* [Records contained in a dataset]:
══════════════════════════════

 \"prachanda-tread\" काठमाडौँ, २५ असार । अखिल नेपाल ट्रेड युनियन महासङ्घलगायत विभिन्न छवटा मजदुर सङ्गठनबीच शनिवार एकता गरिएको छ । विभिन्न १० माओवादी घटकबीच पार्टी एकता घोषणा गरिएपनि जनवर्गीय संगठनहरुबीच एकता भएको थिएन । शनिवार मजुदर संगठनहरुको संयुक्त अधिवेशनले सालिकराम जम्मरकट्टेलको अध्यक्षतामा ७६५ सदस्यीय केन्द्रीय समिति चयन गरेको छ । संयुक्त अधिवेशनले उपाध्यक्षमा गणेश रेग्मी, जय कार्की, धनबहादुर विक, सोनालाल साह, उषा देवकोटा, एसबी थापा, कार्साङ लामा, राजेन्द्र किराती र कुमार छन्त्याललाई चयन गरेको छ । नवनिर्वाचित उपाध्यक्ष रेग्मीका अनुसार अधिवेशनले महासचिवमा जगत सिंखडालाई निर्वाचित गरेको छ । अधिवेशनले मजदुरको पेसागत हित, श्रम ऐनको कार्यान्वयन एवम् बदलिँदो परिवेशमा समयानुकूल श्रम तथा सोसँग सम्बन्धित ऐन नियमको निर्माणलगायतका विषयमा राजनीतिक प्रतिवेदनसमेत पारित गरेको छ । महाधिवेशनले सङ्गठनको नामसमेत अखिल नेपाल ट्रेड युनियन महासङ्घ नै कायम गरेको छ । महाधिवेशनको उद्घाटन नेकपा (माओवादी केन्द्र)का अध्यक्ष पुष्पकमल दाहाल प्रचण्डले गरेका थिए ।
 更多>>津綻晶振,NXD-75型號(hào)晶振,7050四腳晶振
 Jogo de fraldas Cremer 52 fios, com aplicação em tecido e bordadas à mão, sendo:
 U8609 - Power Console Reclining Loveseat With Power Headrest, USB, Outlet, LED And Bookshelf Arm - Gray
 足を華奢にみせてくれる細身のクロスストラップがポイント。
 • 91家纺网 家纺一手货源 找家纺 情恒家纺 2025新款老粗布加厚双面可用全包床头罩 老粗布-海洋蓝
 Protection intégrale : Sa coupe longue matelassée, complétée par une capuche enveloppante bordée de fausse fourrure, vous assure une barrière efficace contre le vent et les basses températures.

══════════════════════════════

* [EXERCISE DIRECTIONS]: Give again only the lines starting at the one that contains "足を華奢にみせてくれる細身のクロスストラップがポイント。" and running to the end of the data.

* [TASK ANSWER]:
 足を華奢にみせてくれる細身のクロスストラップがポイント。
 • 91家纺网 家纺一手货源 找家纺 情恒家纺 2025新款老粗布加厚双面可用全包床头罩 老粗布-海洋蓝
 Protection intégrale : Sa coupe longue matelassée, complétée par une capuche enveloppante bordée de fausse fourrure, vous assure une barrière efficace contre le vent et les basses températures.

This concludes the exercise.